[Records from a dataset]
******
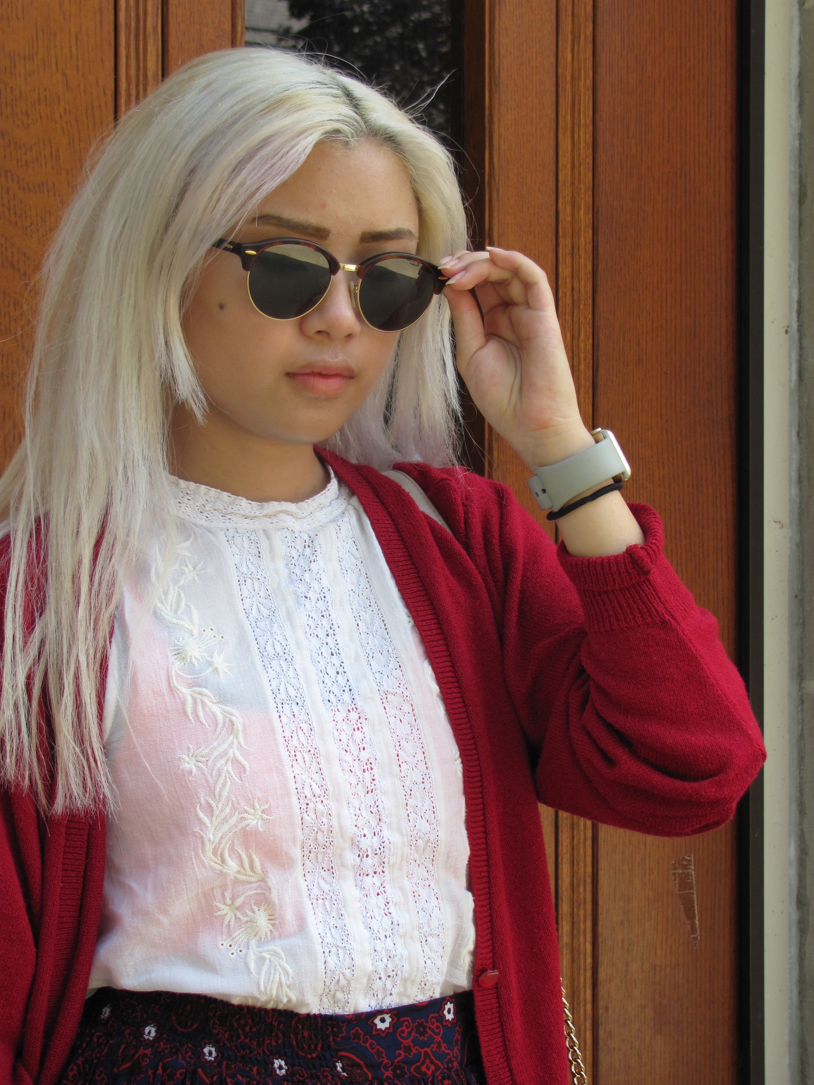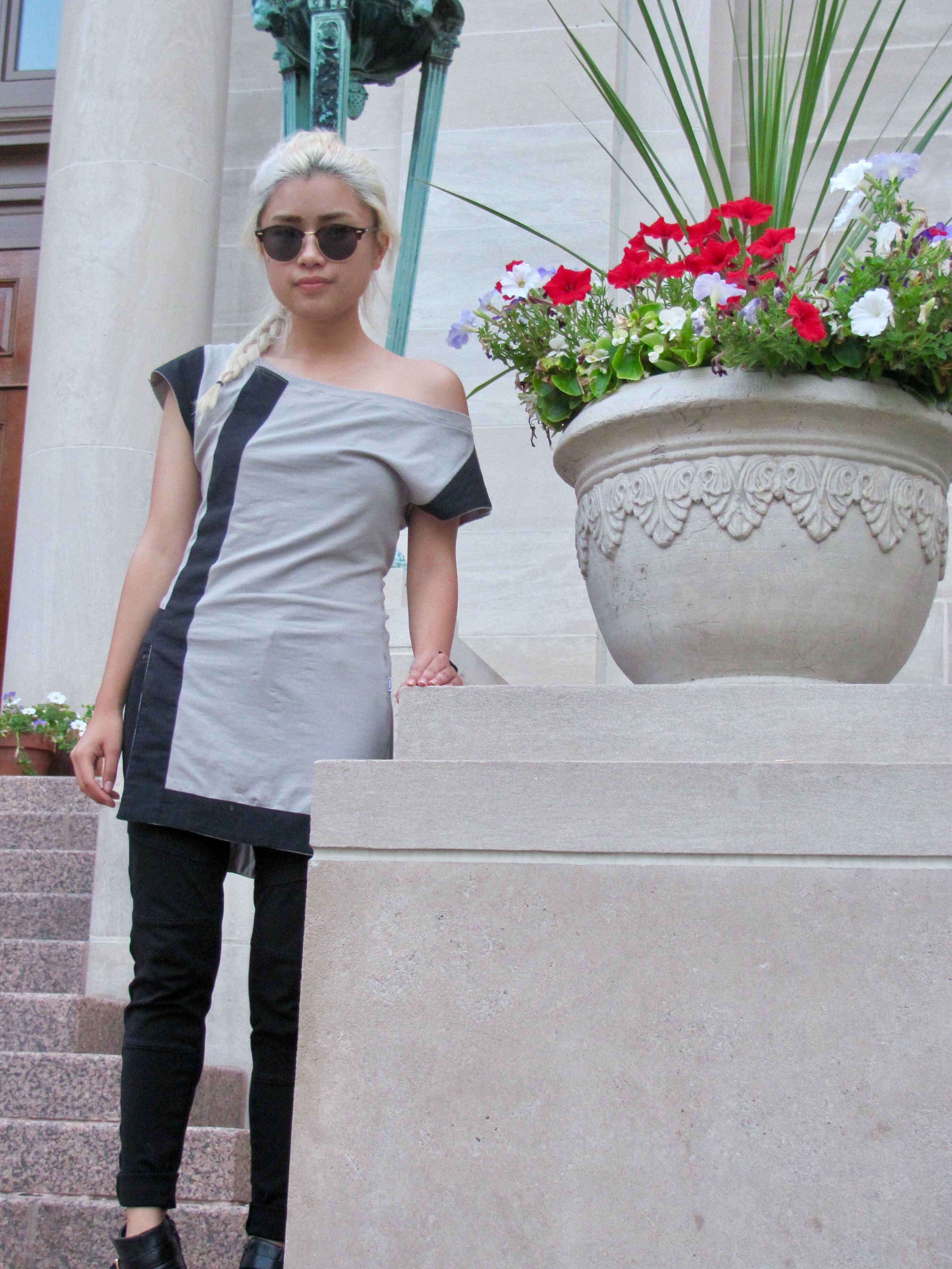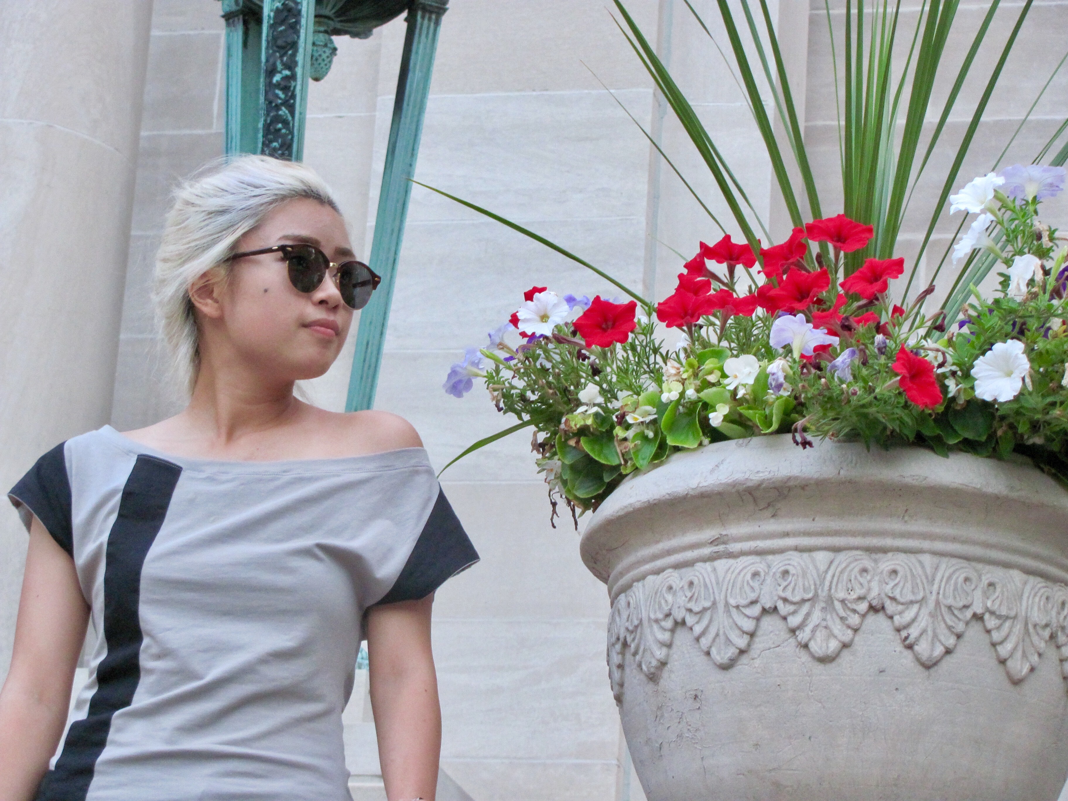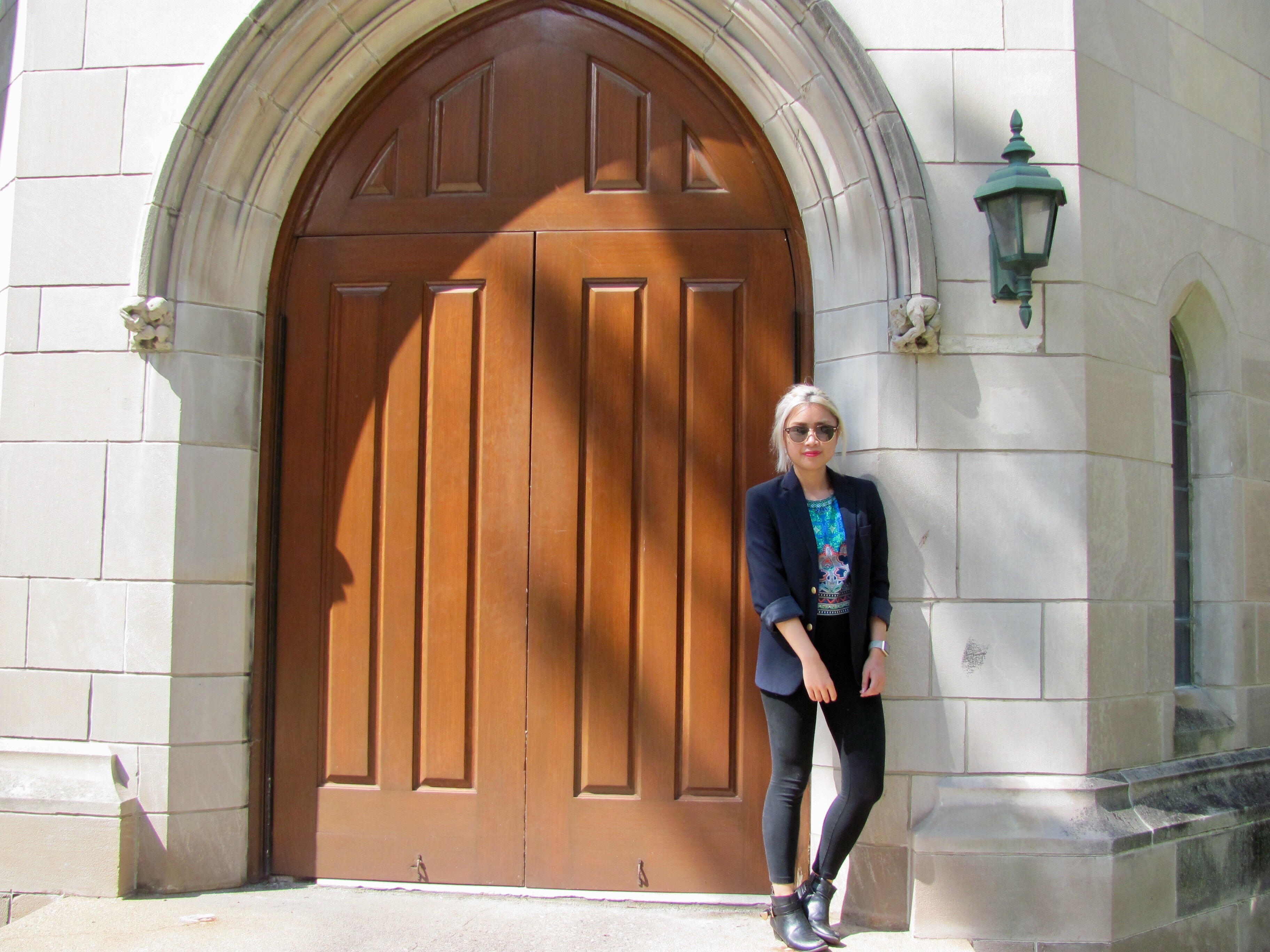 As for today’s outfit, you might notice it’s not entirely different from one I posted rather early on in my blog-writing career (you know, which began a whopping four months ago). I wasn’t a huge fan with how it turned out, though, in terms of pictures, as that was from a time when I was still taking my own pictures by setting up my iPhone with a timer. Thus, I decided to remix it, taking what I did rather enjoy about the outfit – the combination of a simple black pair of leggings with the bright, colorful top – adding some new elements – the navy blazer – and then photographing it with an actual camera.
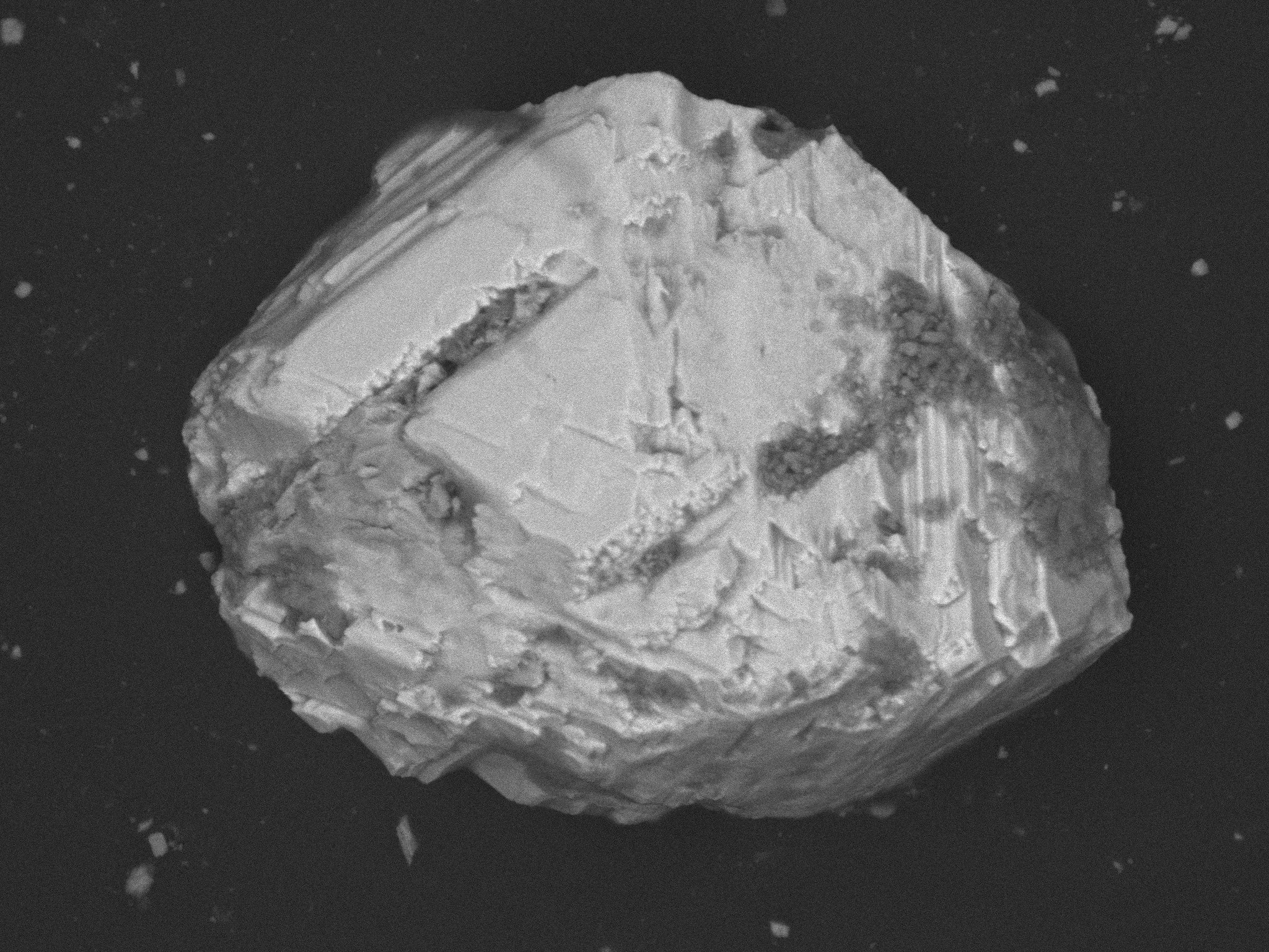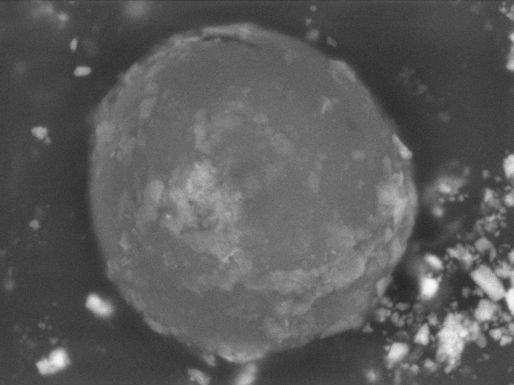 An SEM image of a “silibead” or industrial glass bead used in many processes such as water filtering and polishing/grinding. They can come in many different sizes and are characterised by their near homogenous composition and almost perfectly smooth surface. They also appear as translucent glass in optical light. The dendritic crystals on the surface are recrystallised salt and chalk grains from contamination. Image credit: Imperial College London Micrometeorite Group
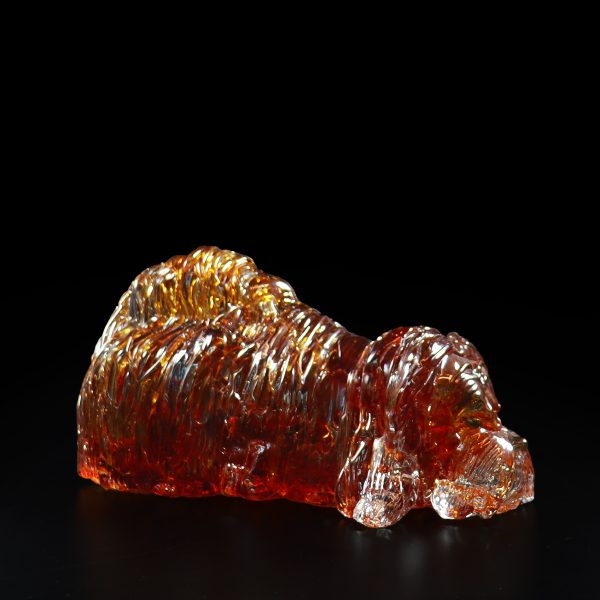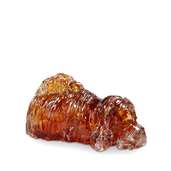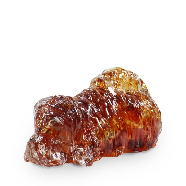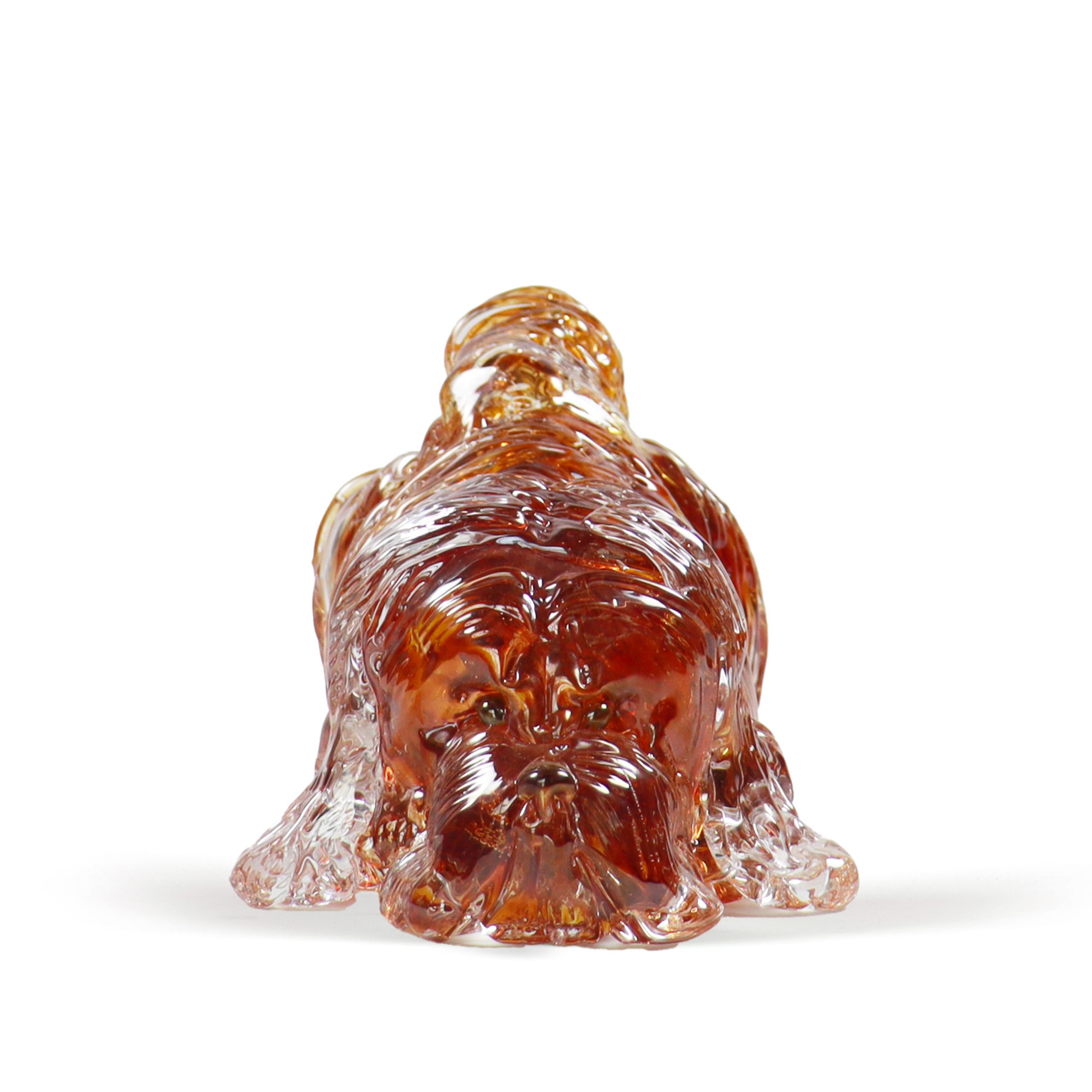 A charming tribute to “man’s best friend”, this exquisite Murano glass dog sculpture designed by Pierpaolo Seguso brings timeless elegance and warmth to any space. Expertly handcrafted from solid amber glass, the piece beautifully captures the long, flowing fur of a beloved pup through delicate texturing that reflects light with every curve.
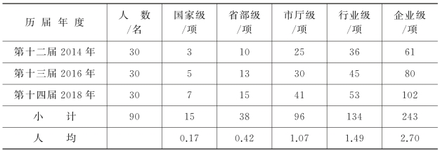 表6-8 第十二届至第十四届中华技能大奖获得者科技奖项统计
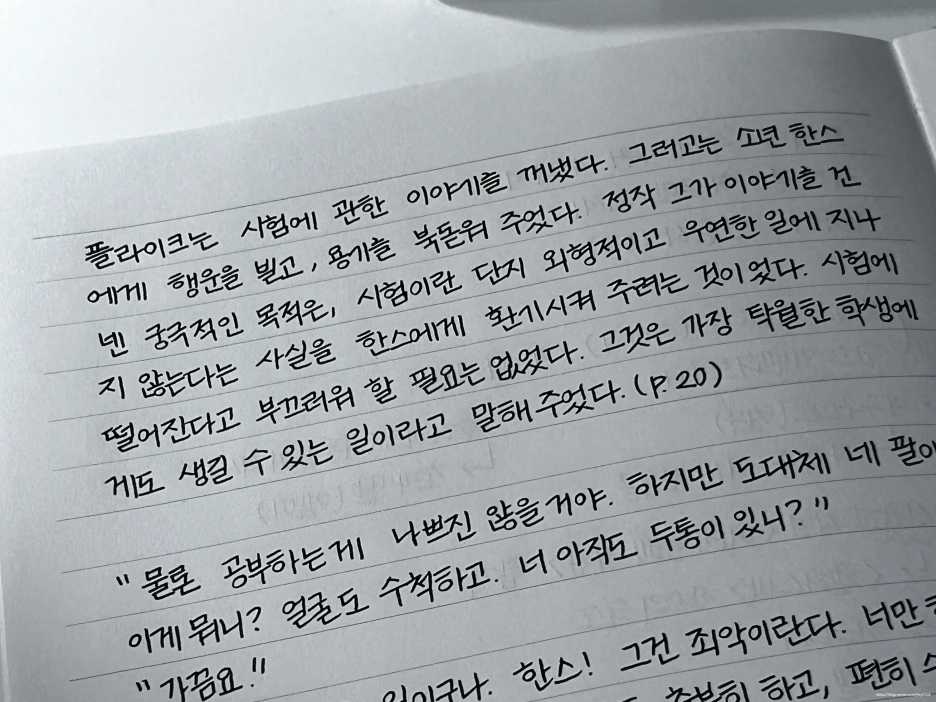 되돌릴 기회는 얼마든지 있었을 것이다. 그의 꿈은 아무것도 아니어도 좋았을 것이고, 성실한 그는 무엇이라도 되었을 테니까, 그냥 어린 시절에는 그가 좋아하는 낚시를 하다 지치면 풀밭에 드러눕고, 부드러운 토끼를 더 만지도록 놔두어도 괜찮았을 것이다. 한스는 그저 너무 어렸고, 여렸으며 어른들의 기대감을 충족시키기 위해 노력했을 뿐이었다. 한스가 고향으로 돌아왔을 때 누구라도 조금 더 따뜻하게 품어줬으면, 조금 쉬고 다시 생각해 보자고 말해줬다면 한스는 강물에 떠밀려가지 않았을 것이다. 플라이크는 한스의 마지막을 함께하며 그의 아버지에게 말했다. “당신이나 나, 우리 모두 저 아이에게 소홀했던 점이 적지 않을 거예요. 그렇게 생각하진 않으세요?”(262면)
******
● **TASK ITEM**
Take the records above from the line with "表6-8 第十二届至第十四届中华技能大奖获得者科技奖项统计" down to their last line and please copy those lines exactly, without the pictures.

● **TASK SOLUTION**
 表6-8 第十二届至第十四届中华技能大奖获得者科技奖项统计
 되돌릴 기회는 얼마든지 있었을 것이다. 그의 꿈은 아무것도 아니어도 좋았을 것이고, 성실한 그는 무엇이라도 되었을 테니까, 그냥 어린 시절에는 그가 좋아하는 낚시를 하다 지치면 풀밭에 드러눕고, 부드러운 토끼를 더 만지도록 놔두어도 괜찮았을 것이다. 한스는 그저 너무 어렸고, 여렸으며 어른들의 기대감을 충족시키기 위해 노력했을 뿐이었다. 한스가 고향으로 돌아왔을 때 누구라도 조금 더 따뜻하게 품어줬으면, 조금 쉬고 다시 생각해 보자고 말해줬다면 한스는 강물에 떠밀려가지 않았을 것이다. 플라이크는 한스의 마지막을 함께하며 그의 아버지에게 말했다. “당신이나 나, 우리 모두 저 아이에게 소홀했던 점이 적지 않을 거예요. 그렇게 생각하진 않으세요?”(262면)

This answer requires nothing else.